The synchronisation stimulus was generated offline as follows and saved to a wave file. First, we presented 4 finger snap sounds with an inter-onset-interval of 300 msec. Then 30 instances of the woodblock sound (the same as used during the learning part of the experiment) followed with an inter-onset-interval (IOI) of 600 msec. This was followed by a silence of 30*600 msec (the equivalent of 30 more taps). Finally, a high-pitched gong sound was used to signal the end of the trial. The sounds were played using a custom developed python experimental script, which also communicated through a HID-USB interface with the button box to register the responses.
Participants' finger taps were recorded using a custom tapping surface containing a (piezo-based) contact sensor that communicated with the computer through the serial interface and was captured in a python program that also presented the stimuli using pyAudio.

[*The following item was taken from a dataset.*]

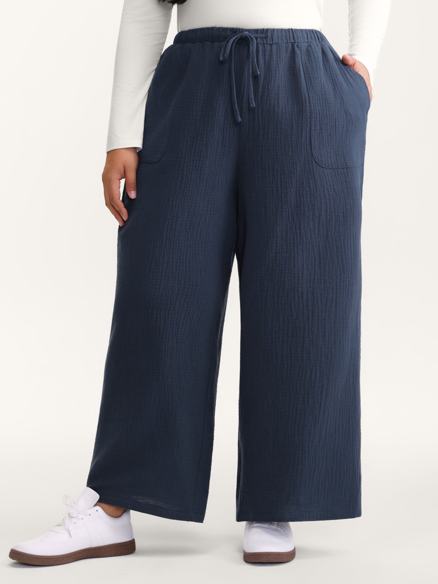 Cotton Textured Waist Drawstring Straight-Leg Pants

Keystroke-sound delay detection task.
In the delay detection task, we measured participants' sensitivity to delays between motor (keystroke) and auditory (tone) events. That is, we established from which delay onwards participants noticed that the tone came after the keystroke instead of immediately. At each trial, the participant pressed the “zero” key on the keypad at a time of her/his choosing and heard a tone. This tone was either played at the same time of the keystroke or temporally delayed. The participants responded verbally whether or not they had the feeling that the tone was delayed. Their responses were entered in the computer by the experimenter. Crucially, participants were instructed to leave their finger on the key (instead of lifting it prior to the keystroke) so as to reduce the tactile timing information. Furthermore, they were required to keep their eyes closed during the keystroke.
We used the Maximum Likelihood Procedure (MLP) algorithm – to establish the threshold for the detection of the asynchrony between movement (keypress) and the tone. The algorithm is designed to adaptively select the stimulus level (tone delay) on each trial so as to converge to the participants' threshold. For each block, the algorithm outputs an estimate for the participant's threshold.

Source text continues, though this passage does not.